Of course the fideists, those who holds faith above reason as a superior path to the truth, cannot be helped. Reason never brought them to religion, and it surely will not pull them away. This is why religion is likely to remain for a very, very long time.
Philosophically I see ALL sensory stimulation, in whatever form, needing to be cognitively mapped out. We must both trust all our sensory stimuli as real (if only at the personal level) but not accept them de facto as proof of reality.
Thanks for the read.
FromTheMasses
1 year ago
I think I should read her book. But....
Well I must say that I agree with the major failings of Religion which she has pointed out.
But what frustrates me when debating with Atheists is that they often use religion as a reason to discredit the existence of god. That is a fallacy.
While I'm not a follower of any major religion, I am a believer in a higher power. In fact as of now, if you take science to it's very limits in the various forms of physics... the existence of a higher power is the only reasonable conclusion.
I believe Atheists in general are just too caught up in the external world of Religion and Science as combative political forces and have not spent the necessary time to deeply ponder their own mind and soul and seek their own answers.
As Robert M. Pirsig once said, the same Buddha that is in the motorcycle is in your mind as well.
Just my opinion
warbler
1 year ago
A good sceptic
I good, thorough sceptic questions all dogmas, including atheism.
I see few good sceptics in the fundamentalist atheist movement.
dorothy
1 year ago
But of course...
"..even the humanist-secularist-atheist crowd is subject to that old problem of blindness when it comes to women's accomplishments. "
Nah, you couldn't expect that, since they don't know the Goddess either. The fault of the 'monotheistic' religions is not that they are religions, for that isn't really the case, but that even the religions they purport to be are truncated so as to have removed one whole half of their features, namely the feminine aspect. But then again, that is not true either, for they have stuff like holy virgins and satanic verses all over the map. This is what makes this whole issue so difficult to discuss rationally: we are looking at some Russian doll of lies and pretenses and hypocrisies, one within the other. Nobody is who or what they claim to be. A 'religion' which occupies itself with the doings or the supposed worth and legitimacy of people not following it is no religion at-all, but just another kind of fascism, dressed up as something finer. Of the three middle-east-generated sets of claimed revelations, Judaism has gone some way towards redeeming itself and now acts in important ways as a true religion. It does not now have ugly names or defined punishments for non-adherents who break its rules. The other two need to clean up their act or pack it in.
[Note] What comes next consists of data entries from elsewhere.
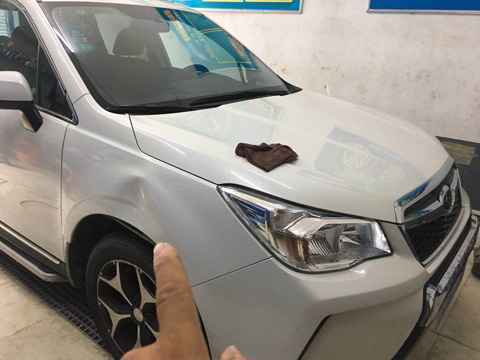 斯巴魯右前翼子板凹陷免噴漆修復(圖文)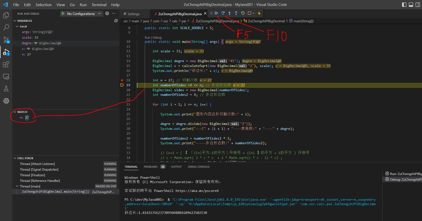 F10:一行一行代码执行 (Step Over 10) 相当于 Eclipse中的 F6:逐步执行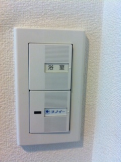 お部屋に入られてすぐのところにあります浴室のスイッチの下の部分にナノイースイッチを設けておりますので、そちらを押していただくとスイッチが赤く光ります。その状態でオンの状態になっています。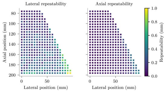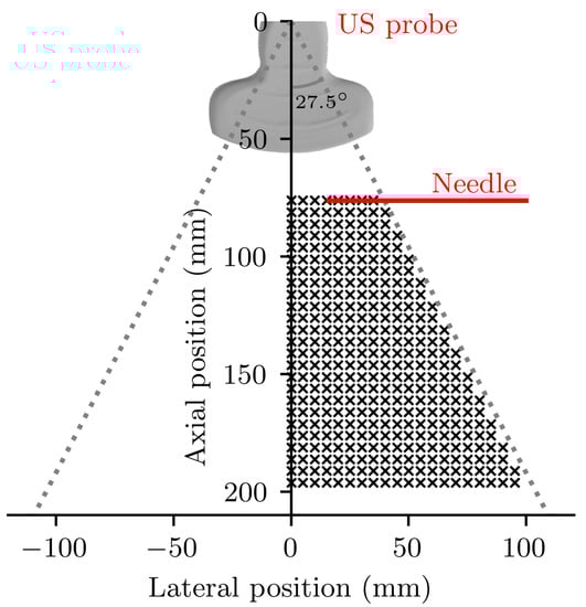 It was expected that tracking accuracy would depend on both the depth and lateral position of the needle tip within the imaging plane: the probe’s curvilinear design results in the spacing between scan-lines increasing with both depth and lateral distance from the central vertical axis of the scan plane. Tracking accuracy was therefore assessed at 356 locations within the imaging plane, equally spaced across the right-hand side plane between 40 mm and 140 mm below the probe face, forming a 5 mm resolution grid as shown in Figure 5. The fetal medicine procedure of particular interest—chorionic villus sampling—typically occurs between 11 to 16 weeks of gestation with the target located well within this depth range [50], and previous US needle tracking systems have been assessed over a similar range [30,39]. Due to physical constraints of the motion control system and hardware setup, it was not possible to laterally translate the needle across the whole field of view, but in any case tracking accuracy could be expected to be symmetrical along the central vertical axis of the probe.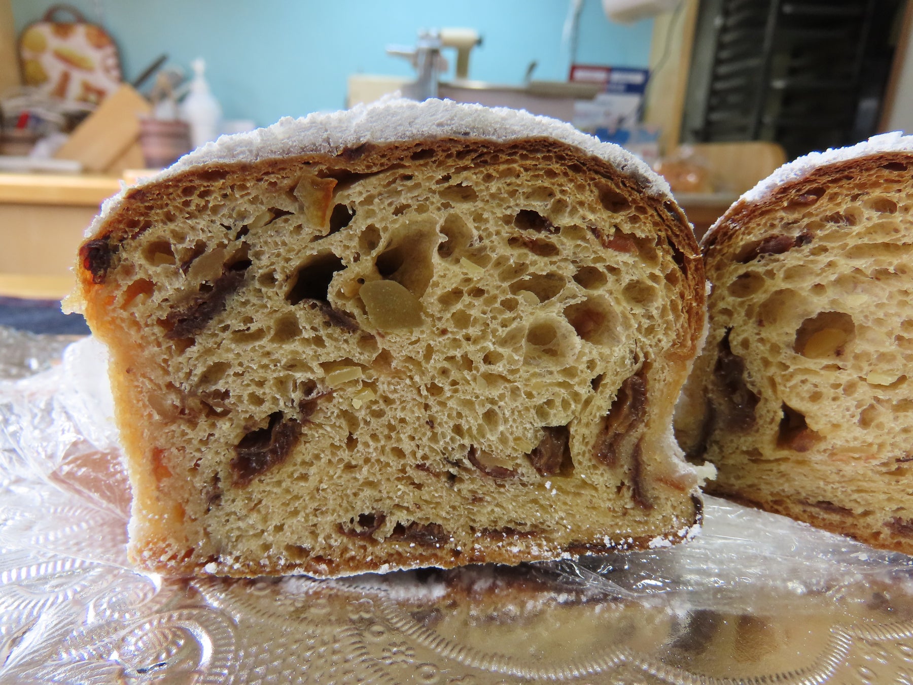 うさぱんやのシュトレンの特徴は、まずなんといっても、「“ところ狭し”に敷き詰められた、豊富な具材たち」。シュトレンの断面を切ってみると、外側から「アイシングシュガー層」、「バター層」、「生地の表層(焼き目)」、「生地の中層(複数スパイス)」、「材料」と、マニアックな“萌え断”を見ることができます。このうちの「材料」について、うさぱんやのシュトレンでは、自家製ラムレーズン、クランベリー、オレンジピール、シトロンピール、アーモンドなど、複数の具材たちが“ところ狭し”に練り込まれています。「いろんな具材を入れて、いろんな味・食感を楽しんでほしいから」という理由から、具材を豊富にしました。
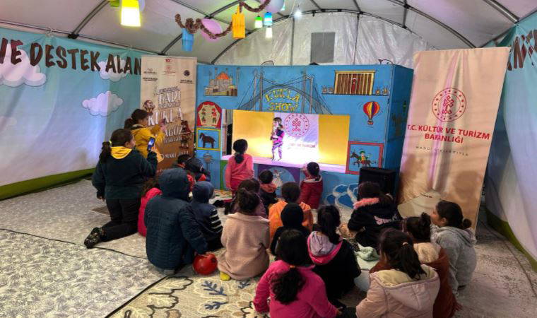 Gaziantep’in Nurdağı ve İslahiye ilçeleri, Kahramanmaraş ve Malatya’da kurulan geçici konutlarda yaşayan çocuklara özel hazırlanan kukla gösterileri çocuklar tarafından büyük bir ilgiyle izlendi. Gösteri sonunda çocuklara boyama kitapları hediye edildi.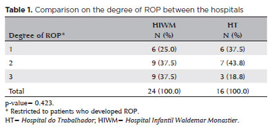 We compared two neonatal NICUs; both had similar infrastructure and human resources, with the main difference being the origin of the patients. Whom were transported from other maternities to the HIWM and at the HT the patients were from the own maternity hospital. The differences in ROP incidences are justified because HIWM patients received diversified management in the first hours of life and at the time of transport until they reached the reference hospital. At HT, all the patients came from their own maternity, following the same care protocol, with a better outcome.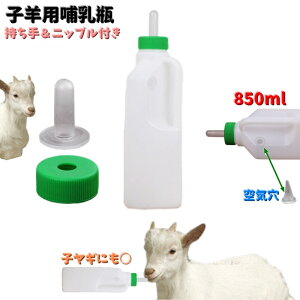 持ちやすいハンドル付きの子羊用哺乳瓶です♪ 子羊や子ヤギにお使いいただける850mlサイズ! ネジ式キャップでしっかり閉められて取外し可能なニップル付きです。 【サイズについて】 画像をご参照ください。 【カラーについて】 生産ロ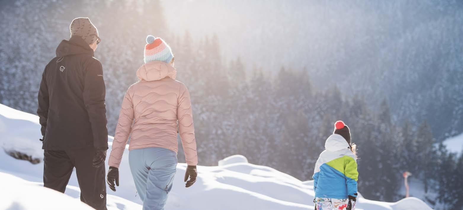 Bist du schon einmal mit diesen lustigen Schneeschuhen an den Füßen durch das unberührte Weiß gestapft? Da sind ein paar Spuren im Schnee! War das wohl ein Hase? Oder doch ein Reh? Dein Atem kondensiert vor deinem Gesicht zu kleinen Wölkchen und der Ausblick ist einfach atemberaubend schön.

For decent religion, look to the really old, usually moronically filed under 'New age'. You need to find a balance between male and female, Heaven and Earth, summer and winter, and all the other important pairings, and proper respect for all life, including our living planet. You cannot claim to be religious and leave your gum-wrappers and paper-cups all over the place, not to mention going trophy-hunting.
cboo44
1 year ago
"Religion", "atheism", blah, blah, blah.
People get hung up on labels and set their hair on fire about their selected targets for their ire. Yippee, they conjure up "a cause".
I suggest, instead of focusing on labels, try focusing on what the REAL problem in our society is: A lack of PERSONAL RESPONSIBILITY.
Velox
1 year ago
From The Masses:
How is a higher power a "reasonable conclusion?" Sure, physics can't explain the universe now, but the whole point of science is that it is a never-ending endeavour. A few hundred years ago we didn't understand how species came to exist, but science managed to come up with a pretty darn good explanation.
The current lack of scientific explanations does not make belief in a higher power any more reasonable - it just means we haven't figured something out yet. Frankly, as a scientist, I view it as a cop-out... the real story is always much more interesting than "oh, that was God."
ifsandsnbutts
1 year ago
There was an older form...
of belief (note, I did not say religion) that included women as fully half of society, in every way. Gnosticism. A small part of whose writings the bible has been taken from. Very selected parts at that.
One only has to read the Book of Thomas to see where the books Mathew, Mark and Luke came from...yet Thomas was never included in the Bible. Too liberal and too equalizing maybe?
Religion was not created by God for Man - religion was created by Man for Man...and in the process they niftily dropped all positive references to females as having any worth other than cooking, cleaning and spreading their legs when it was demanded of them.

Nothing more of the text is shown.